Добавить в цитаты Настройки чтения

Страница 9 из 18

Когда о таких вещах пишут или снимают кино, то всегда показывают это так, словно ясновидящий слышит голоса или его посещают видения, но теперь я знаю, что это неправда. Нет голосов, нет видений. Есть только знание.

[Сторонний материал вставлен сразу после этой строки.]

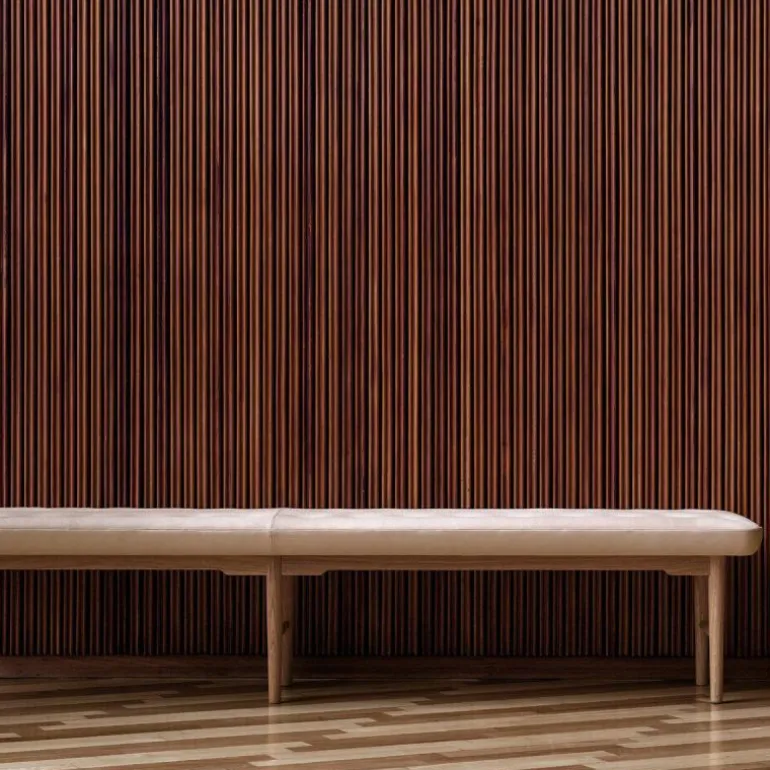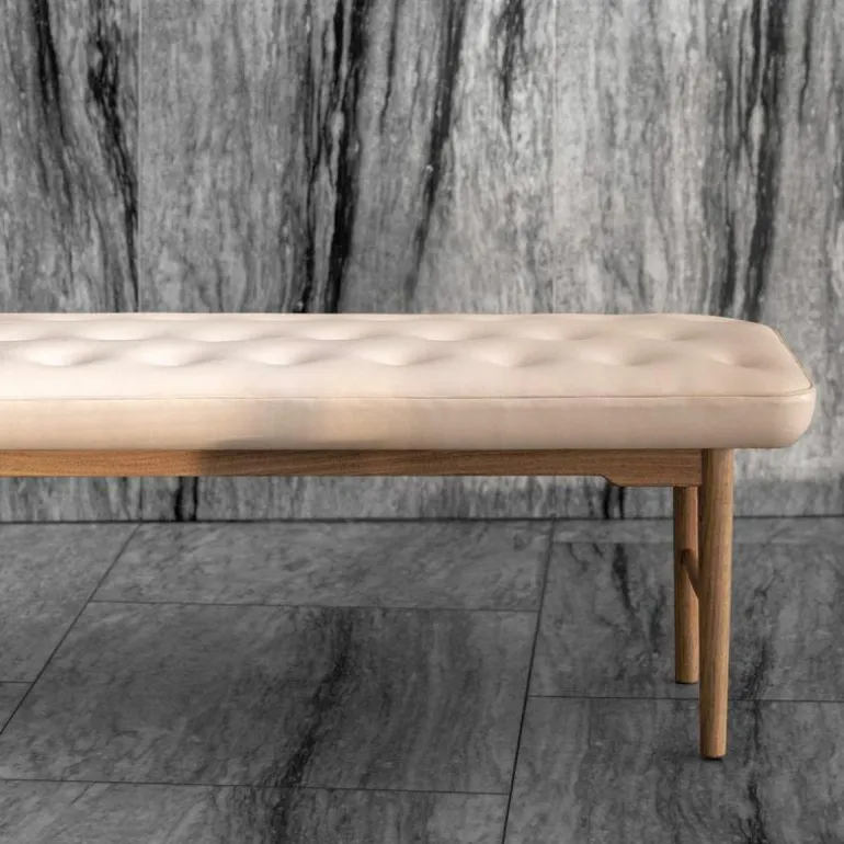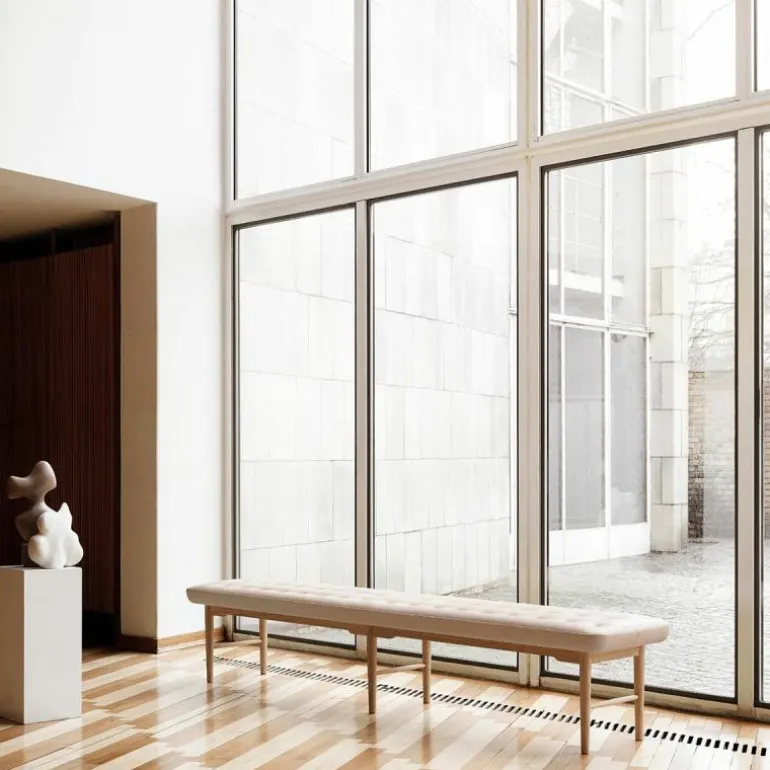 De VLA75 Foyer Bank bestaat uit een massief eikenhouten frame met een geoliede afwerking en draagt een comfortabel kussen. Het zitkussen is voorzien van handgemaakte knopen die het eenvoudige ontwerp voorzien van een luxe uitstraling. Wegens de vele bekledingsmogelijkheden heeft MisterDesign één uitvoering geselecteerd welke online direct verkrijgbaar is. Deze variant is zorgvuldig bekleed met Sif 90 leder.

Потом начинают подтягиваться люди и встают рядом со мной, странные, выбивающиеся из толпы личности – я с такими почти не общаюсь. Я в деловой одежде – черные брюки, белая рубашка с галстуком, две ручки в кармане, синяя и красная. Первым появляется старик в очках, полностью лысый, ростом на вид метр двадцать, с изборожденным морщинами лицом. Он встает справа от меня, опираясь на трость. Я знаю, что его зовут Кореде, хотя никогда не встречал его. Следом за ним приходит худая девушка, лет, может, на четыре-пять старше меня, в пропотевшей хлопковой блузке, она задыхается, но не от усталости, а из-за болезни, возможно, из-за серповидноклеточной анемии. У нее вытянутое лицо, белки глаз выцветшие, с желтоватым оттенком. Она пахнет табаком и ананасами. Девушка встает передо мной, загораживая вид на дорогу, но я не сержусь. Ее зовут Селина.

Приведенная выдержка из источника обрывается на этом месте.